Instructions to follow - Leaving out the images, reproduce every line of the data that follows exactly.

Available data -
★ ★ ★ ★ ★ ★ ★

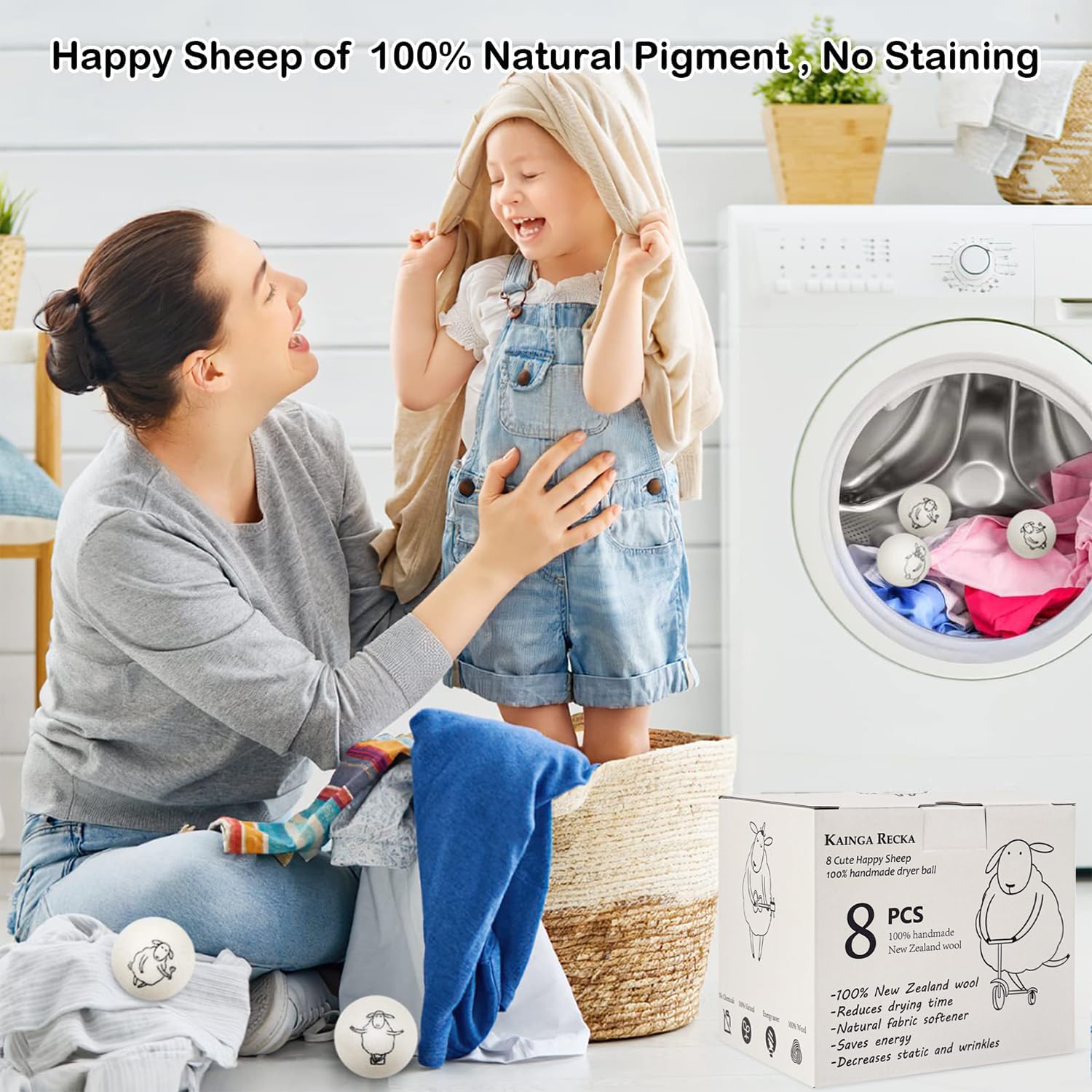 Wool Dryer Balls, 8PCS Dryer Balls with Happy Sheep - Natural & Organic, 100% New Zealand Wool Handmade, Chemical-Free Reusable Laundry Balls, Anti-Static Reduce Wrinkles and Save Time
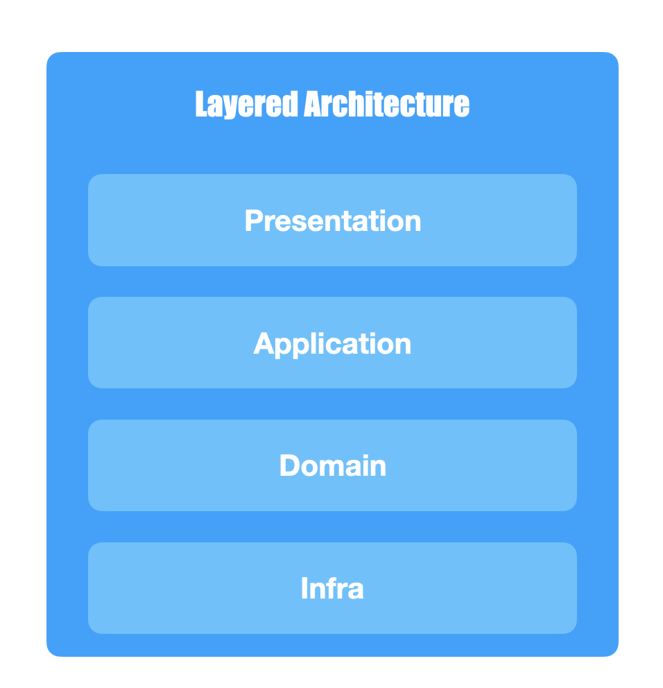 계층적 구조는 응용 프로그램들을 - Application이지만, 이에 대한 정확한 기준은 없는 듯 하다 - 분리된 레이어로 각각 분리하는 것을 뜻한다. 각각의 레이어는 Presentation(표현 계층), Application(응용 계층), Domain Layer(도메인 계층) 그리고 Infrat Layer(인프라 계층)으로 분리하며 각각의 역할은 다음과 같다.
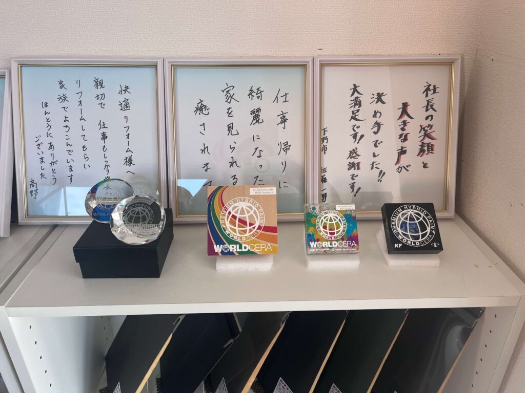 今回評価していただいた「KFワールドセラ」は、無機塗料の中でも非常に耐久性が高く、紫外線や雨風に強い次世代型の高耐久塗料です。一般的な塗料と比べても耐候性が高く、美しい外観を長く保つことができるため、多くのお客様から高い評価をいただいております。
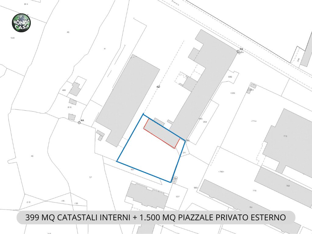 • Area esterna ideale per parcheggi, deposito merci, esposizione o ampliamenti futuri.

★ ★ ★ ★ ★ ★ ★

Written answer -
 Wool Dryer Balls, 8PCS Dryer Balls with Happy Sheep - Natural & Organic, 100% New Zealand Wool Handmade, Chemical-Free Reusable Laundry Balls, Anti-Static Reduce Wrinkles and Save Time
 계층적 구조는 응용 프로그램들을 - Application이지만, 이에 대한 정확한 기준은 없는 듯 하다 - 분리된 레이어로 각각 분리하는 것을 뜻한다. 각각의 레이어는 Presentation(표현 계층), Application(응용 계층), Domain Layer(도메인 계층) 그리고 Infrat Layer(인프라 계층)으로 분리하며 각각의 역할은 다음과 같다.
 今回評価していただいた「KFワールドセラ」は、無機塗料の中でも非常に耐久性が高く、紫外線や雨風に強い次世代型の高耐久塗料です。一般的な塗料と比べても耐候性が高く、美しい外観を長く保つことができるため、多くのお客様から高い評価をいただいております。
 • Area esterna ideale per parcheggi, deposito merci, esposizione o ampliamenti futuri.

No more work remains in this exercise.